### Data
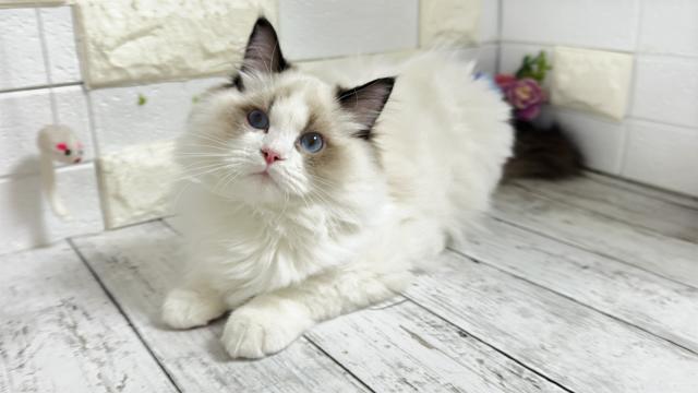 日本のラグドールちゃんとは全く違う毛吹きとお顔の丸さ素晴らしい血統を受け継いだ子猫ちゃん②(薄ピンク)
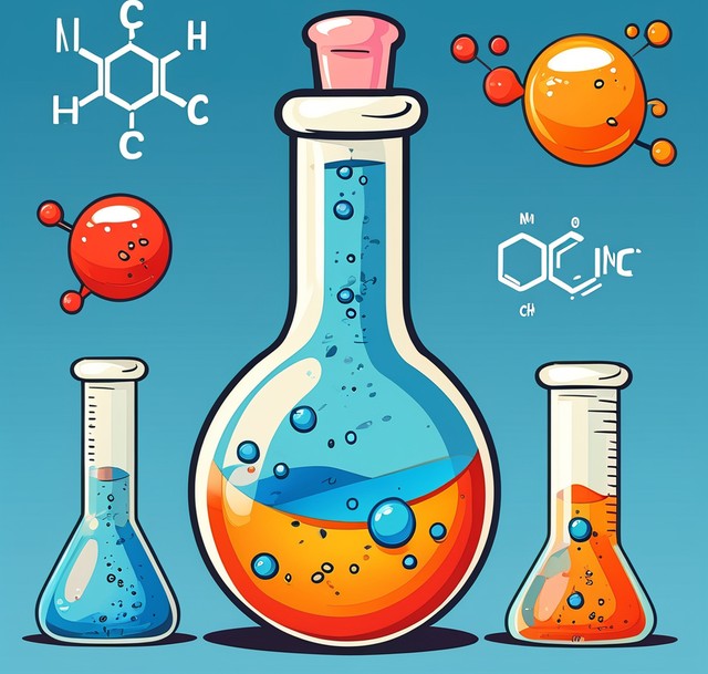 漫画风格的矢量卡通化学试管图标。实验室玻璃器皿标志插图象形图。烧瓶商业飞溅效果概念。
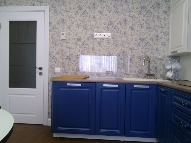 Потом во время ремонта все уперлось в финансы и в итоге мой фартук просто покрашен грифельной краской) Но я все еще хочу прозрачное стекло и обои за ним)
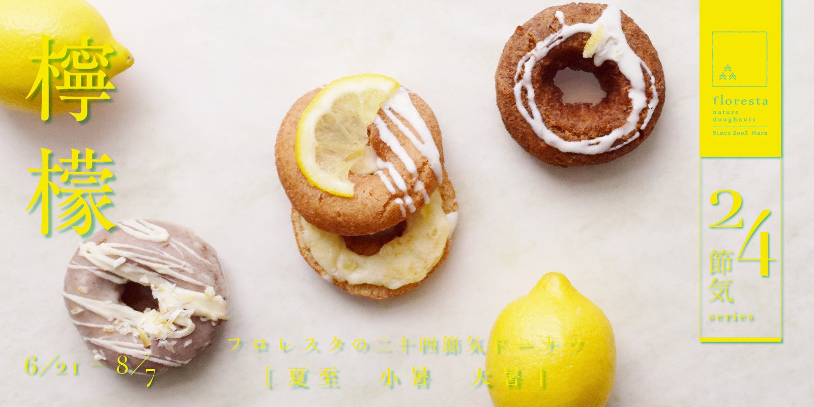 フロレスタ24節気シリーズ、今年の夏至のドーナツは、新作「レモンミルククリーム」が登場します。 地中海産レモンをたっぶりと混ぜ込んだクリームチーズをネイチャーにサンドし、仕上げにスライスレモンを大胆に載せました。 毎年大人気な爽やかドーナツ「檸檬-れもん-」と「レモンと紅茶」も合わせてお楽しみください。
...
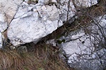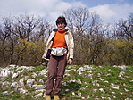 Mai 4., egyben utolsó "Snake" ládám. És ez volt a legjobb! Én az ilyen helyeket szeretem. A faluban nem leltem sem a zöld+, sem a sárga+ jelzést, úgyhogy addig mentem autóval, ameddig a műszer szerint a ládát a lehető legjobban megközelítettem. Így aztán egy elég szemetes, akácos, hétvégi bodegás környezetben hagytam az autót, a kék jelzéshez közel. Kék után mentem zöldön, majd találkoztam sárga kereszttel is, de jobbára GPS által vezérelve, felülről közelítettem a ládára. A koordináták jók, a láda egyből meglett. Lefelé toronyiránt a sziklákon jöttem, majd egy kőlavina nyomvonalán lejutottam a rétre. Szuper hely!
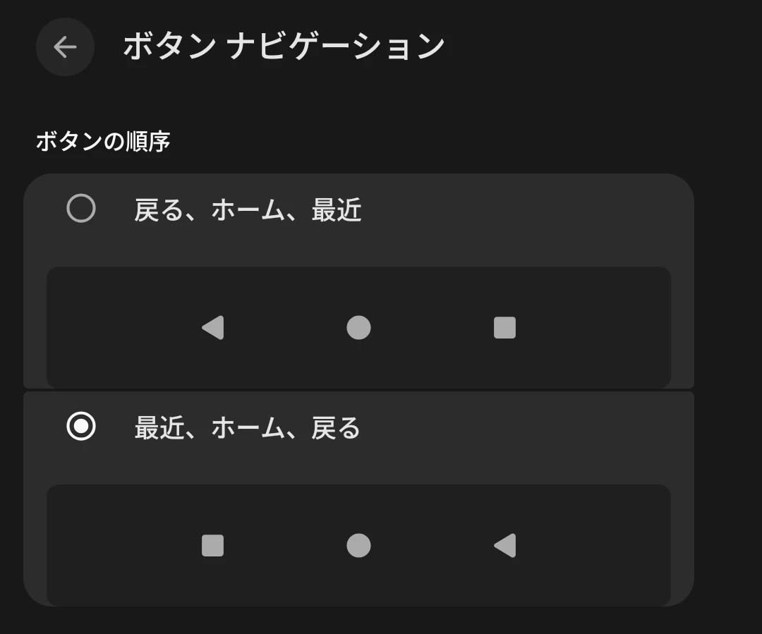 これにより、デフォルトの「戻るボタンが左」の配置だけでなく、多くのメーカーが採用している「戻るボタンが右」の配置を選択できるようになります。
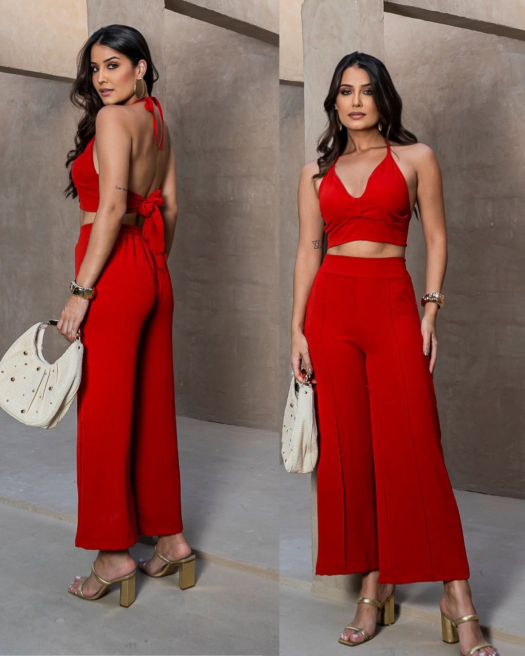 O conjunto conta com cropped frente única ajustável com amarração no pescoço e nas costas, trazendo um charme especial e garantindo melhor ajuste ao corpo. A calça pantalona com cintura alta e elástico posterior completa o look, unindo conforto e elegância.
...
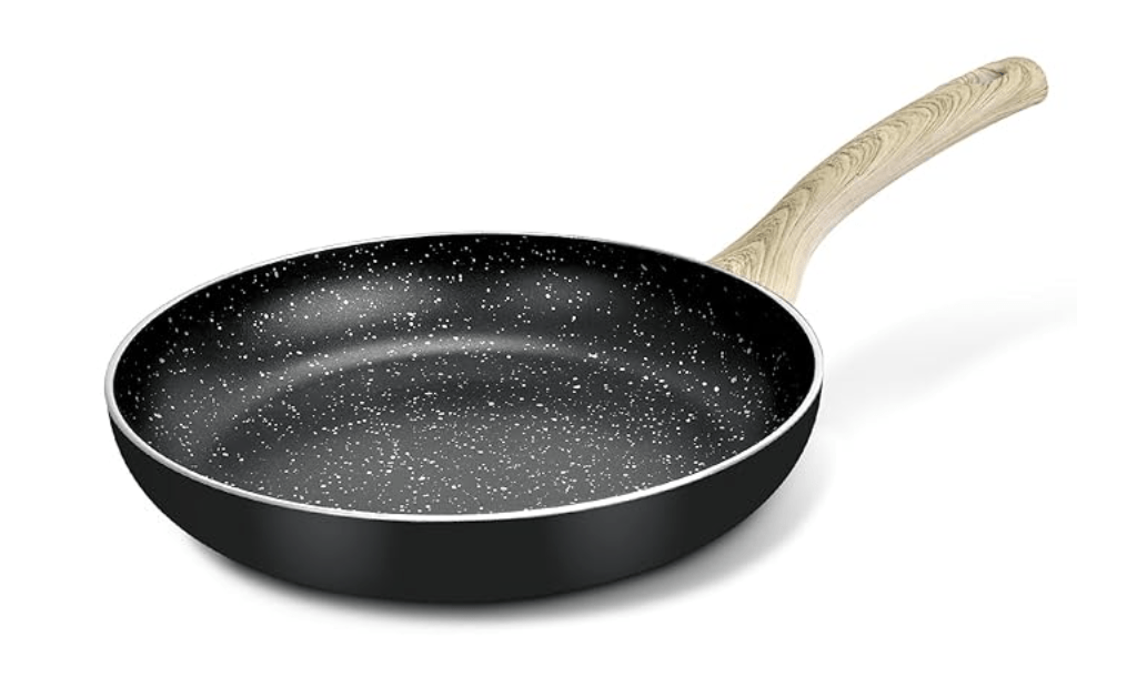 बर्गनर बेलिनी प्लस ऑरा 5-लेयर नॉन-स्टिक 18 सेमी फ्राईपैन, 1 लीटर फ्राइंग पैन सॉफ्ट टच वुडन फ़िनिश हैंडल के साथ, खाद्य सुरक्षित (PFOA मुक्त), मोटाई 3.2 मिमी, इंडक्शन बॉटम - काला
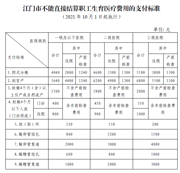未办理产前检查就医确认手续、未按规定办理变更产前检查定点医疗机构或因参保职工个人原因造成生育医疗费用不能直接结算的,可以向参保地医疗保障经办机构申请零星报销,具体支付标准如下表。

### Work required
Skipping the pictures, print the lines in the listing above exactly as written, starting at the line with "漫画风格的矢量卡通化学试管图" and ending at the line with "Потом во время", both included.

### Solution
 漫画风格的矢量卡通化学试管图标。实验室玻璃器皿标志插图象形图。烧瓶商业飞溅效果概念。
 Потом во время ремонта все уперлось в финансы и в итоге мой фартук просто покрашен грифельной краской) Но я все еще хочу прозрачное стекло и обои за ним)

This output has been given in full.